◆ **Exercise brief**:
Give all of the data again exactly as written, omitting every image.
*** Opening Data ***
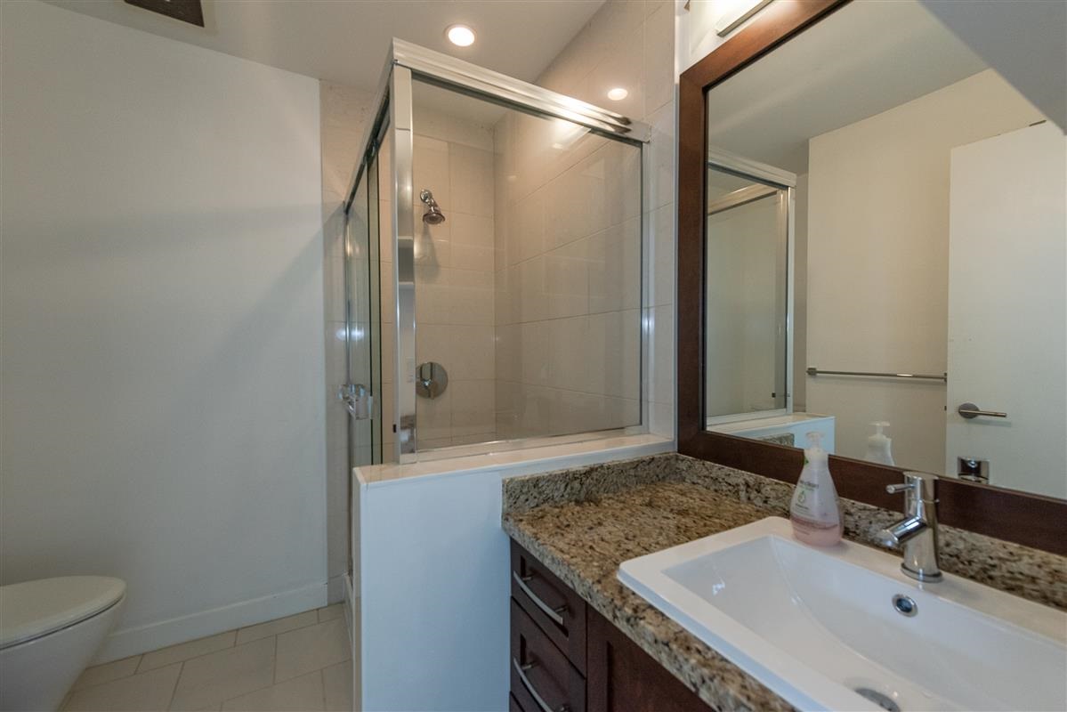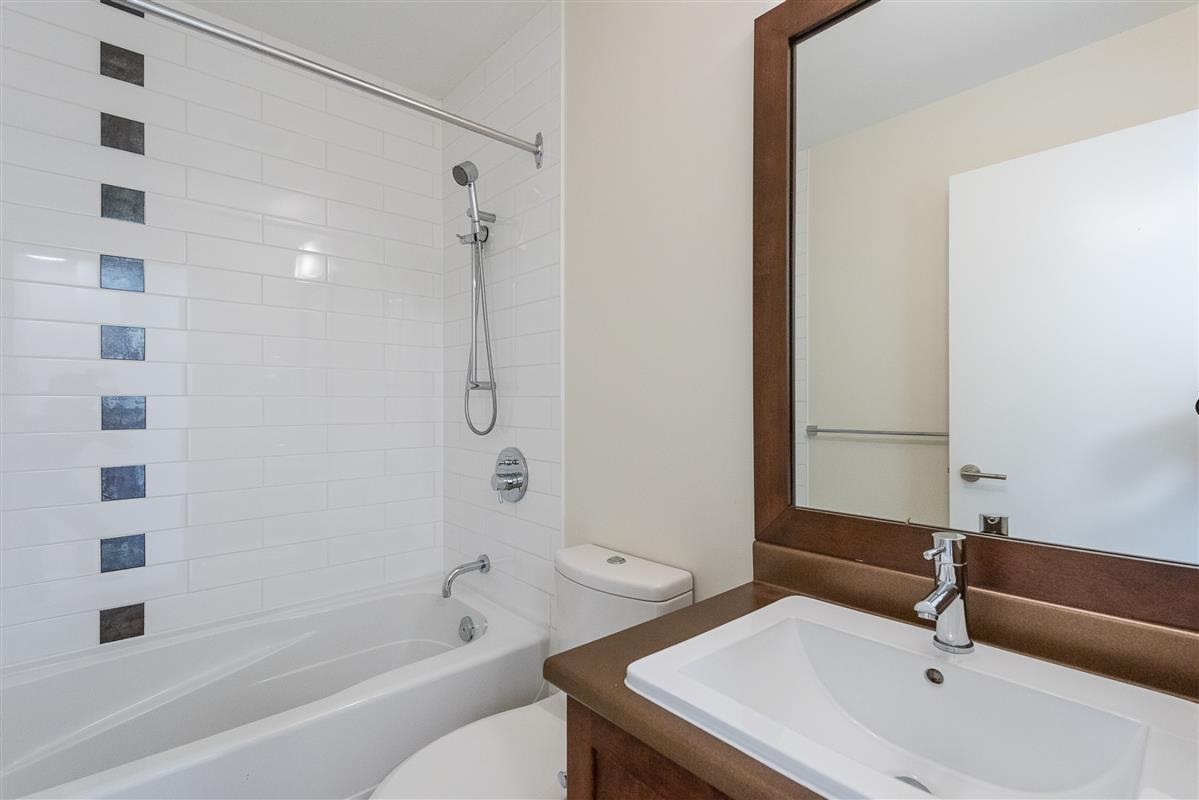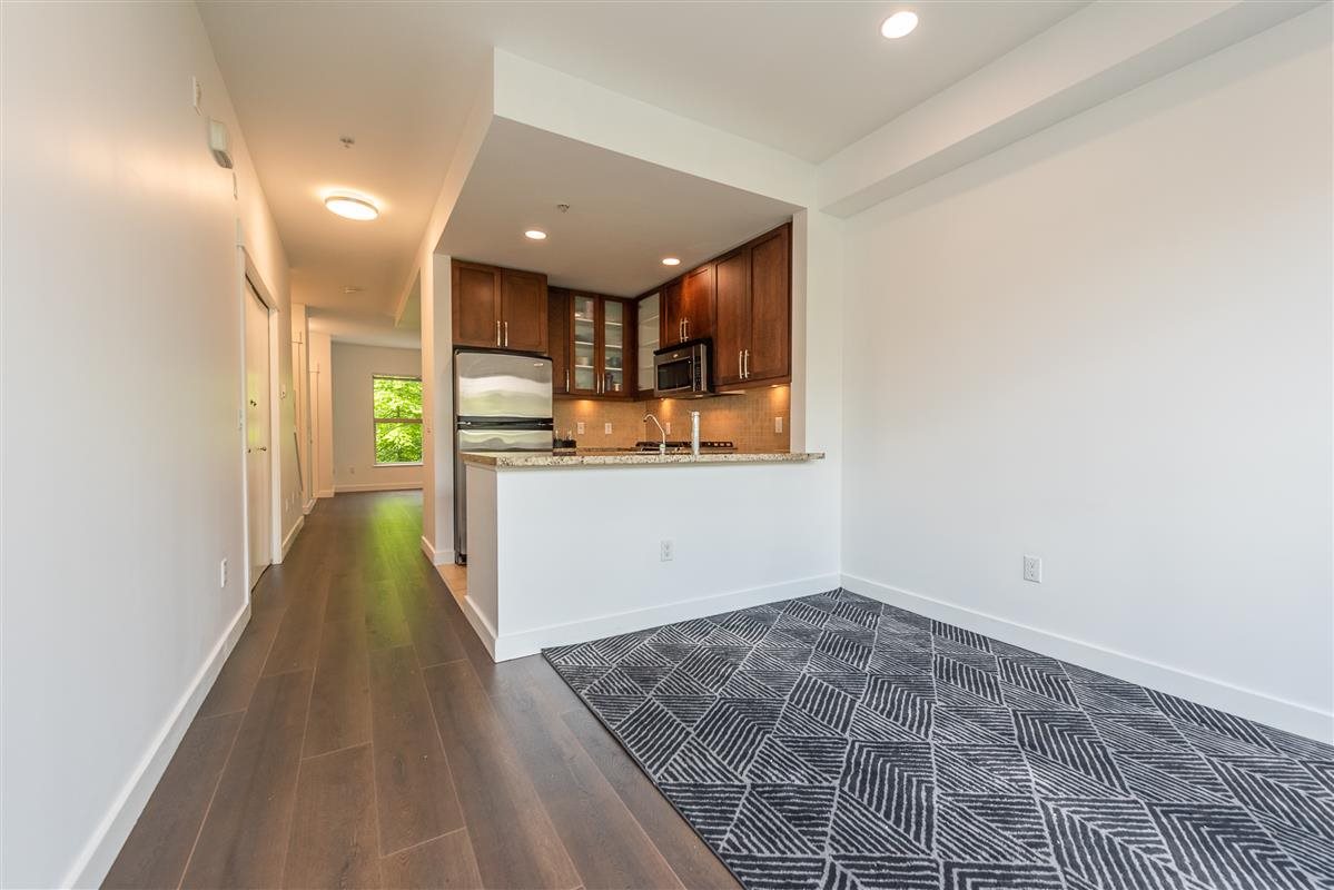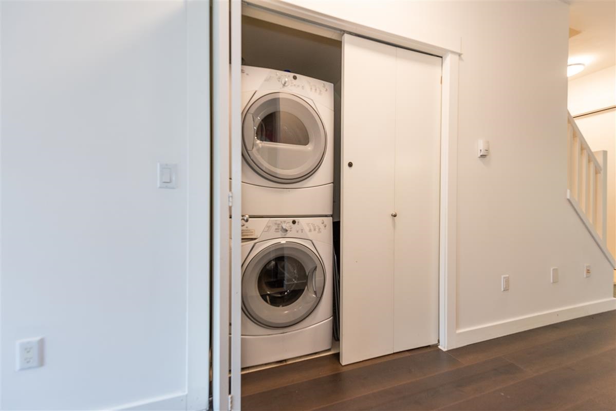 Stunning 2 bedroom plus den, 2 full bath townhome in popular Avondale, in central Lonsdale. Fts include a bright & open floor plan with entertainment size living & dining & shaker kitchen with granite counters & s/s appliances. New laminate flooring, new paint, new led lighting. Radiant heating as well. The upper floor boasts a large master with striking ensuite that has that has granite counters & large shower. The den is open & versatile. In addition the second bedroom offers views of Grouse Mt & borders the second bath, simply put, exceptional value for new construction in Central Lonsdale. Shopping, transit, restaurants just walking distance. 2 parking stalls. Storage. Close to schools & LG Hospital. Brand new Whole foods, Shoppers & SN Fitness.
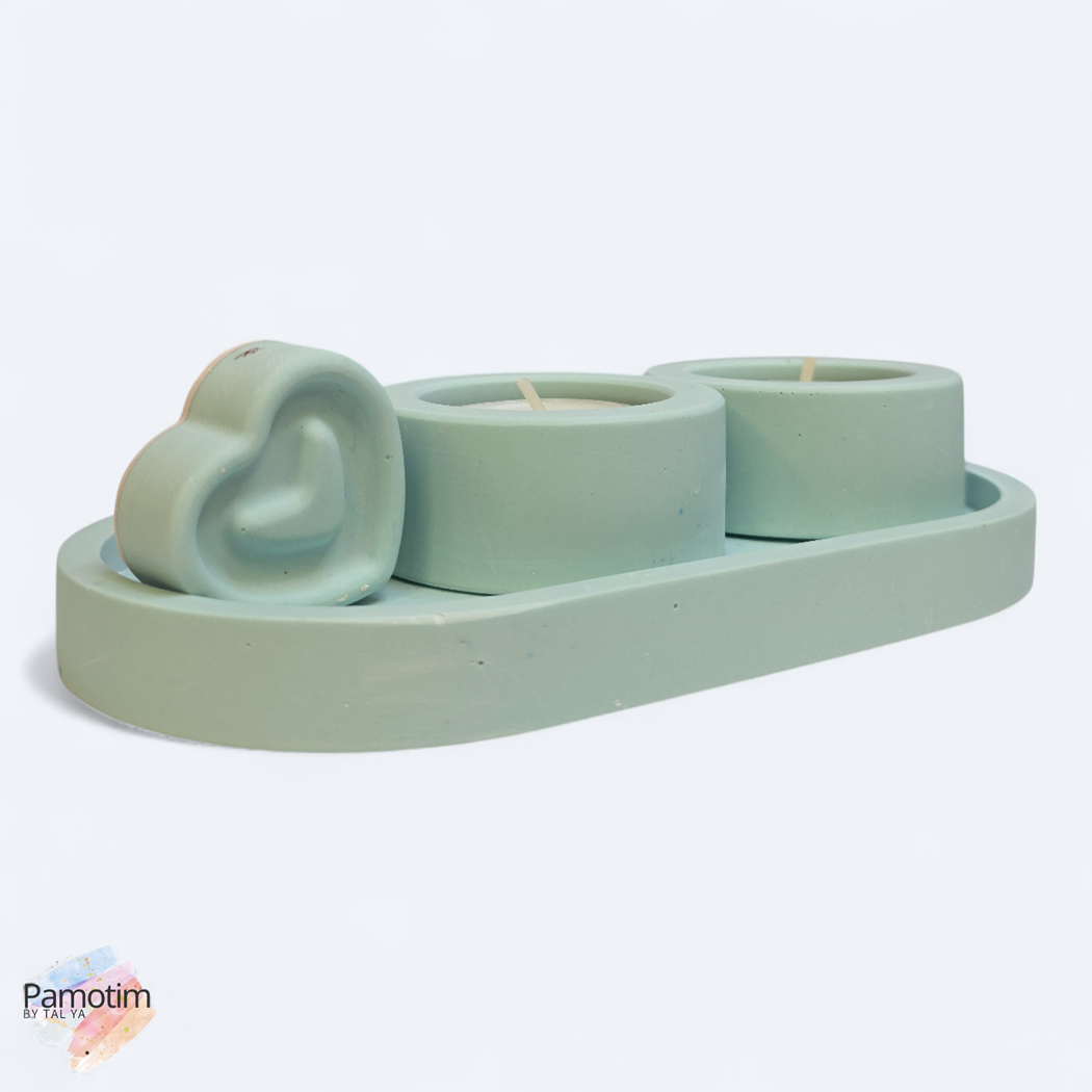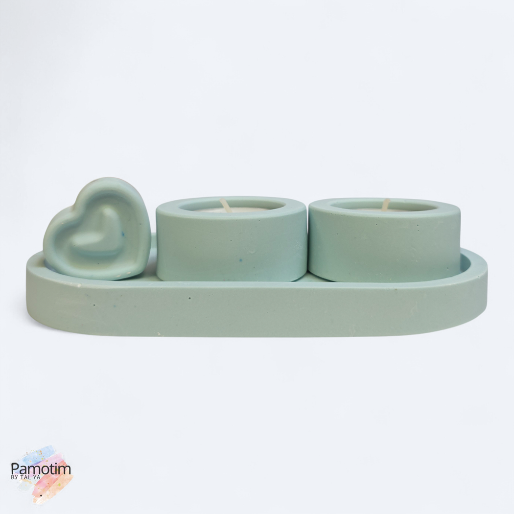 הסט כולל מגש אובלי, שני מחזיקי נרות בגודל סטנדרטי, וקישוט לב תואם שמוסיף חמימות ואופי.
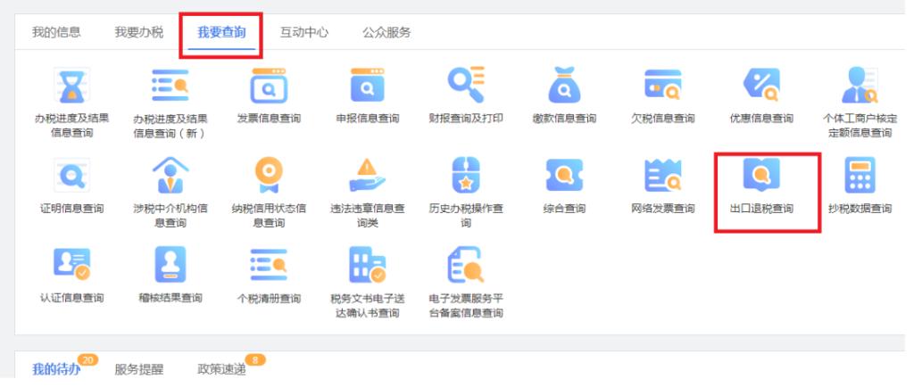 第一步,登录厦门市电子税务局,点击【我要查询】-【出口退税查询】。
*** Closing Data ***
◆ **Answer for this exercise**:
 Stunning 2 bedroom plus den, 2 full bath townhome in popular Avondale, in central Lonsdale. Fts include a bright & open floor plan with entertainment size living & dining & shaker kitchen with granite counters & s/s appliances. New laminate flooring, new paint, new led lighting. Radiant heating as well. The upper floor boasts a large master with striking ensuite that has that has granite counters & large shower. The den is open & versatile. In addition the second bedroom offers views of Grouse Mt & borders the second bath, simply put, exceptional value for new construction in Central Lonsdale. Shopping, transit, restaurants just walking distance. 2 parking stalls. Storage. Close to schools & LG Hospital. Brand new Whole foods, Shoppers & SN Fitness.
 הסט כולל מגש אובלי, שני מחזיקי נרות בגודל סטנדרטי, וקישוט לב תואם שמוסיף חמימות ואופי.
 第一步,登录厦门市电子税务局,点击【我要查询】-【出口退税查询】。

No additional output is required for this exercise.